Data below »
((

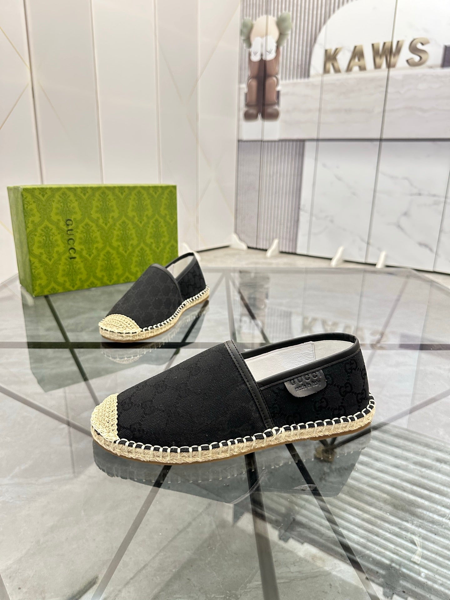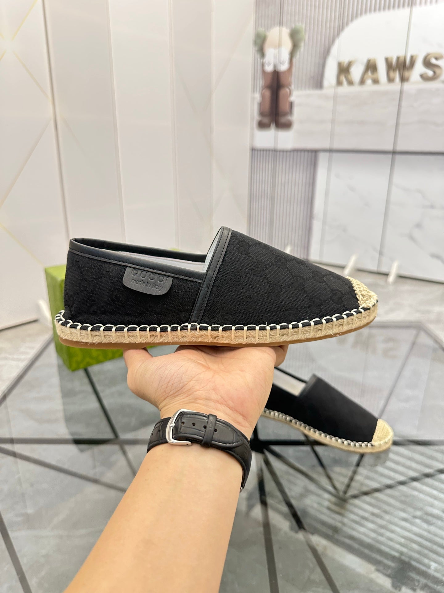 GG Men's Espadrilles Loafer Black Canvas 738107
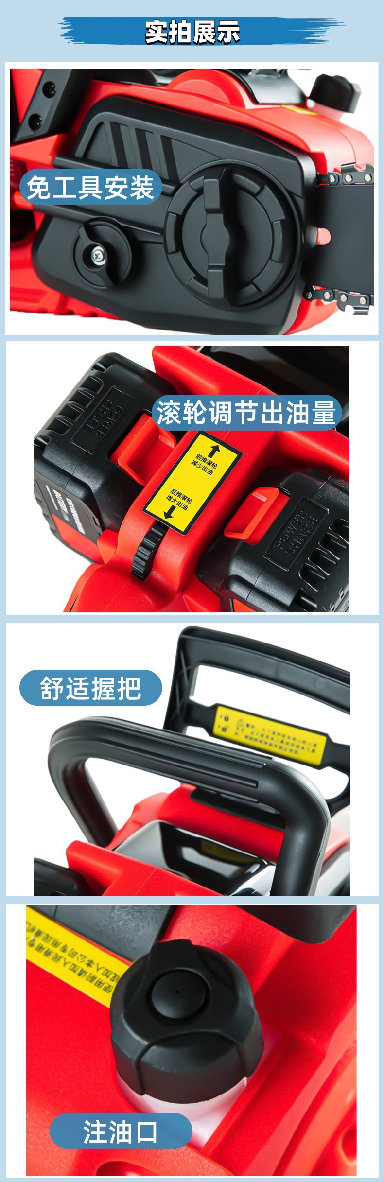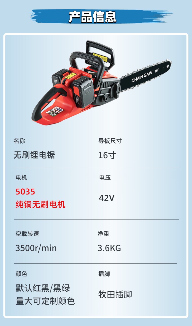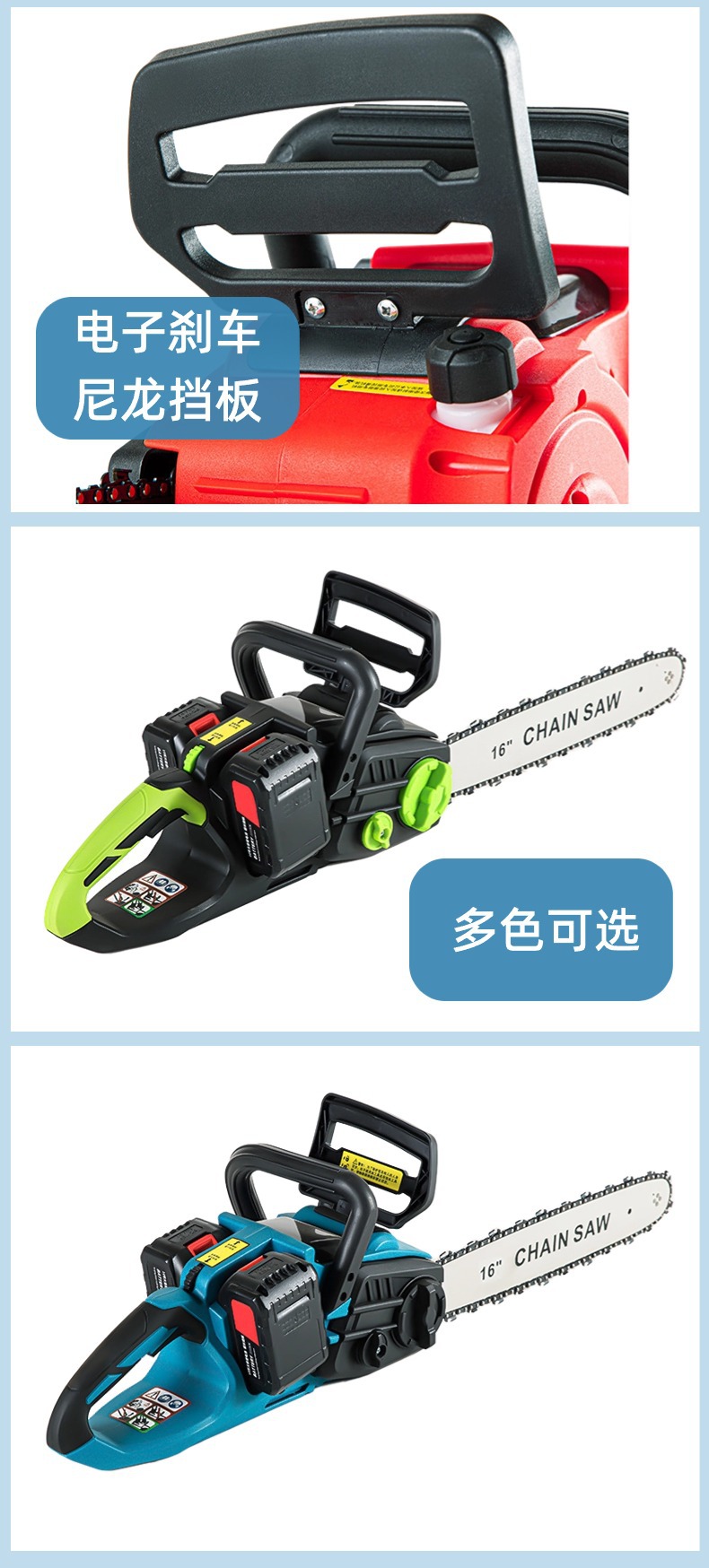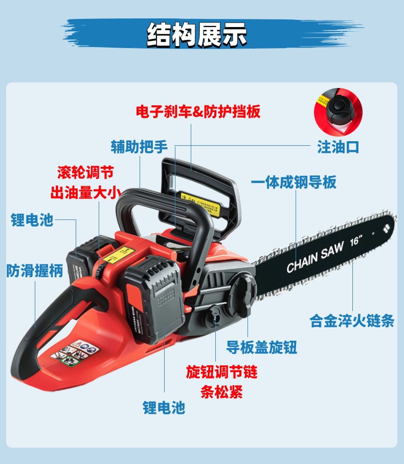 Gergaji listrik Lithium 16 inci, gergaji listrik lithium dapat diisi ulang daya tinggi portabel daya tinggi tanpa sikat untuk rumah tangga
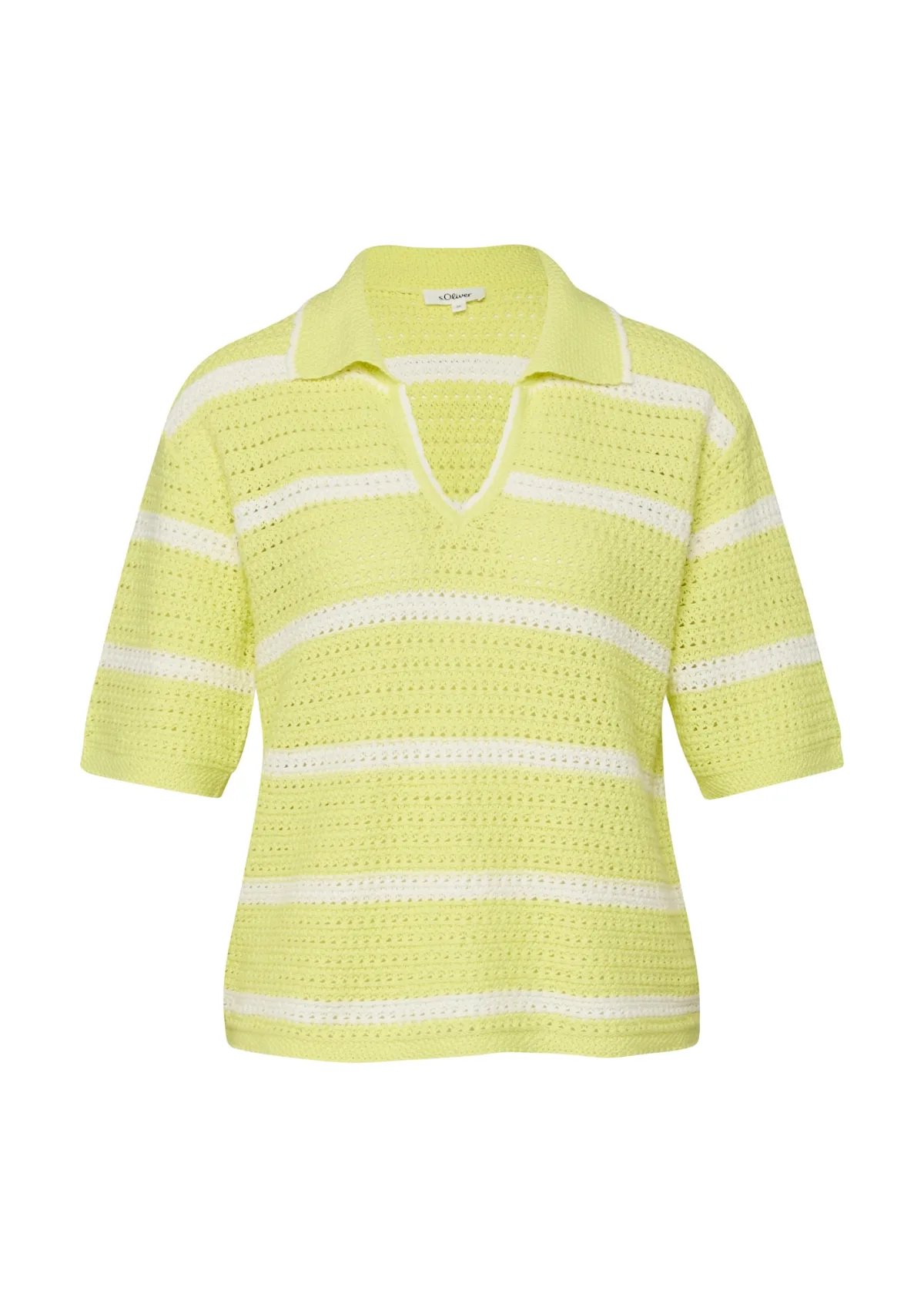 Design: Geribd ceintuurtje, Overcut schouder; Materiaal: Knitwear; Halstype: Polokraag; Motief: Gestreept; Details: Mesh; Extra's: All-over patroon, Fully fashioned, Met textuur; Pasvorm: Losse pasvorm; Armlengte: Halve mouw; Lengte: Normale lengte

))

What you are asked to do »
Give the lines from the one containing "Gergaji listrik Lithium 16" through the last line of the material again, exactly and with no pictures, both ends included.

Written answer »
 Gergaji listrik Lithium 16 inci, gergaji listrik lithium dapat diisi ulang daya tinggi portabel daya tinggi tanpa sikat untuk rumah tangga
 Design: Geribd ceintuurtje, Overcut schouder; Materiaal: Knitwear; Halstype: Polokraag; Motief: Gestreept; Details: Mesh; Extra's: All-over patroon, Fully fashioned, Met textuur; Pasvorm: Losse pasvorm; Armlengte: Halve mouw; Lengte: Normale lengte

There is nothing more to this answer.